Il prof Favero patteggia e paga 100 mila euro

Ex direttore della clinica odontoiatrica di Padova con studio anche a Belluno era accusato di aver dirottato pazienti dall’ospedale ai suoi ambulatori privati
PADOVA. Ha patteggiato un anno di carcere (con la sospensione condizionale) per abuso d’ufficio e tentato abuso d’ufficio con l’aggravante di un danno di rilevante entità e una provvisionale immediatamente esecutiva di 100 mila euro a favore dell’Azienda ospedaliera di Padova il professor Gian Antonio Favero, 66 anni, originario di Motta di Livenza con residenza a Jesolo, ex direttore della Clinica odontoiatrica, finito sotto inchiesta dopo un servizio trasmesso dal tiggì satirico “Striscia la Notizia”.


Un servizio che aveva svelato come il cattedratico – ordinario all’Università patavina, oggi in pensione, e proprietario di una serie di società alle quali fanno capo le Cliniche Favero sparse in mezzo Nordest compreso il Bellunese e anche all’estero – dirottasse i pazienti dalla struttura pubblica ai suoi ambulatori privati.


La sentenza.
Rispetto alla quantificazione del risarcimento reclamato dall’Azienda ospedaliera (tutelata dall’avvocato Luciana Puppin), tutto è stato demandato al giudice civile. La “pena concordata” tra Procura generale di Venezia (pubblica accusa) e difesa (il penalista Antonio Franchini) è stata pronunciata con sentenza dalla seconda sezione della Corte d’appello lagunare. Una Corte d’appello che ha spazzato via l’assoluzione dei giudici di secondo grado (all’epoca presidente Sartea).

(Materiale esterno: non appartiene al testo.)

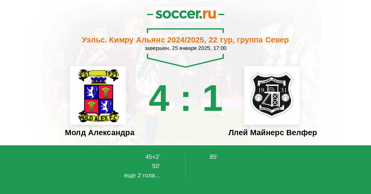 Протокол матча Молд Александра против Ллей Майнерс Велфер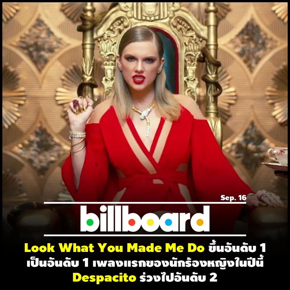 - Look What You Made Me Do เป็นเพลงของนักร้องหญิงเพลงแรกที่ขึ้นอันดับ 1 ใน Hot100 ในปี 2560 (ทั้งปีนี้อันดับ 1 เป็นของผู้ชายหมดเลย)

Giudici che avevano riconosciuto l’«eticità» dei comportamenti di Favero.


Cassazione determinante.
Due anni e due mesi di carcere (senza la condizionale) per il contestato abuso d’ufficio, oltre a 500 mila euro di risarcimento da pagare all’Azienda ospedaliera che aveva lamentato un pesante mancato introito (la richiesta ammontava a 2 milioni e mezzo di euro) e assoluzione per il reato di falso era stata la sentenza pronunciata in primo grado dal gup Cristina Cavaggion al termine di un giudizio abbreviato. È l’1 luglio 2014.


Favero ricorre in appello.
E il 7 ottobre 2015 la decisione è capovolta. E cancellata: assoluzione piena e nessuna responsabilità penale perché secondo i giudici di secondo grado l’abuso non sta in piedi, mancando sia il danno all’ente pubblico sia l’indebito vantaggio a carico dell’imputato. Non ci sta la Procura generale che aveva reclamato la conferma della condanna a 2 anni e 2 mesi, condividendo l’impostazione della magistratura padovana. E impugna la sentenza. La Cassazione annulla l’assoluzione “con rinvio”. Ovvero: il fascicolo processuale viene rimesso alla Corte d’appello veneziana ma ad un’altra sezione. Parole forti quelle della Suprema Corte che insiste sul «conflitto d’interesse» e «un’incompatibilità medica» fra l’attività «svolta nella Clinica Universitaria e nei suoi studi privati» in quanto «Favero esercitava sui pazienti una induzione a scegliere la struttura privata dove svolgeva attività libero professionale in “extra moenia” come emerge da numerose dichiarazioni testimoniali». Alla fine è arrivato il patteggiamento.